Trump durcit les termes de l'accord de paix avec l'Iran et envoie un cadre révisé à Téhéran alors que les négociations s'éternisent
Le président Donald Trump a demandé des modifications à un projet d'accord de paix avec l'Iran, durcissant les conditions sur le matériel nucléaire et le détroit d'Ormuz, alors qu'un accord final pour mettre fin à la guerre au Moyen-Orient reste insaisissable après des semaines de négociations.
Exigences de dernière minute de Trump
Le président Donald Trump a réuni son équipe de sécurité nationale dans la salle de situation de la Maison Blanche vendredi mais n'a pris aucune décision finale sur une proposition de paix avec l'Iran, demandant plutôt de multiples modifications au texte du projet. Selon Axios et le New York Times, Trump a cherché à renforcer les dispositions concernant la réouverture du détroit d'Ormuz et le sort du matériel nucléaire iranien. Un haut responsable américain a déclaré à Axios que Trump voulait « une plus grande précision » sur la manière et le moment où les États-Unis obtiendraient le stock d'uranium enrichi de l'Iran.
Ils sont littéralement dans des grottes et n'utilisent pas de courrier électronique.
Le cadre révisé a été renvoyé à Téhéran pour examen, les officiels estimant qu'il pourrait falloir environ trois jours pour que l'Iran réponde. Le responsable a ajouté que le calendrier reste incertain : « Nous sommes prêts à attendre pour que le président obtienne ce qu'il demande. Cela pourrait prendre une semaine. Moins. Plus. »

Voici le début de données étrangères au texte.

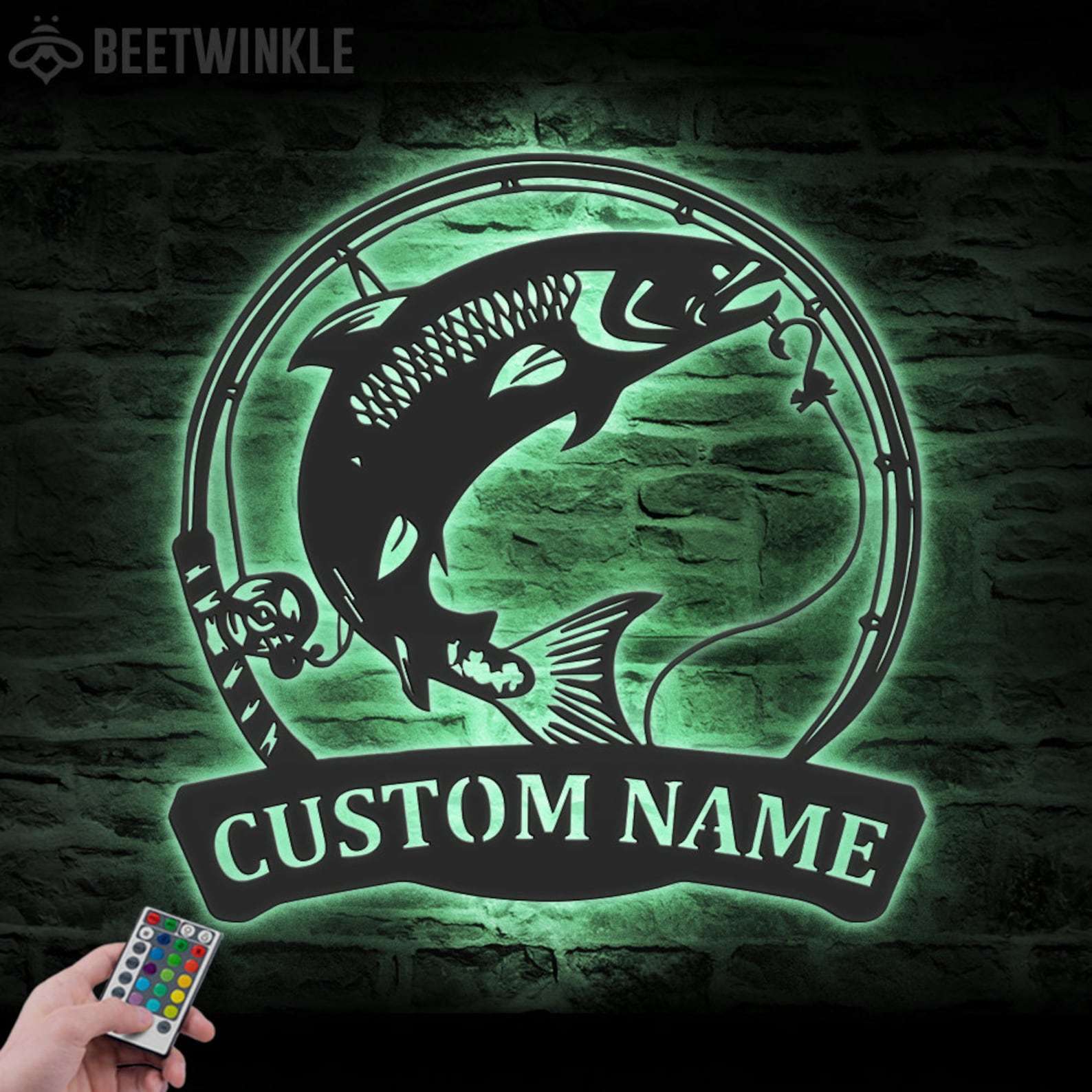 Be the first to review “Atlantic Salmon Fishing Metal Wall Art with LED – Custom Fisher Name Sign”

La structure de l'accord proposé
Le projet d'accord, décrit comme un « mémorandum d'entente », établirait une période de 60 jours après la signature pendant laquelle les parties négocieraient les engagements nucléaires de l'Iran et la levée des sanctions internationales. Le premier point à l'ordre du jour serait la gestion des réserves d'uranium enrichi de l'Iran et l'imposition de limites aux futurs processus d'enrichissement. Les priorités de Trump pour tout accord incluent que l'Iran accepte de ne jamais développer d'armes nucléaires et la réouverture du détroit d'Ormuz, par lequel transitaient environ 20 % de l'approvisionnement mondial en pétrole avant la guerre.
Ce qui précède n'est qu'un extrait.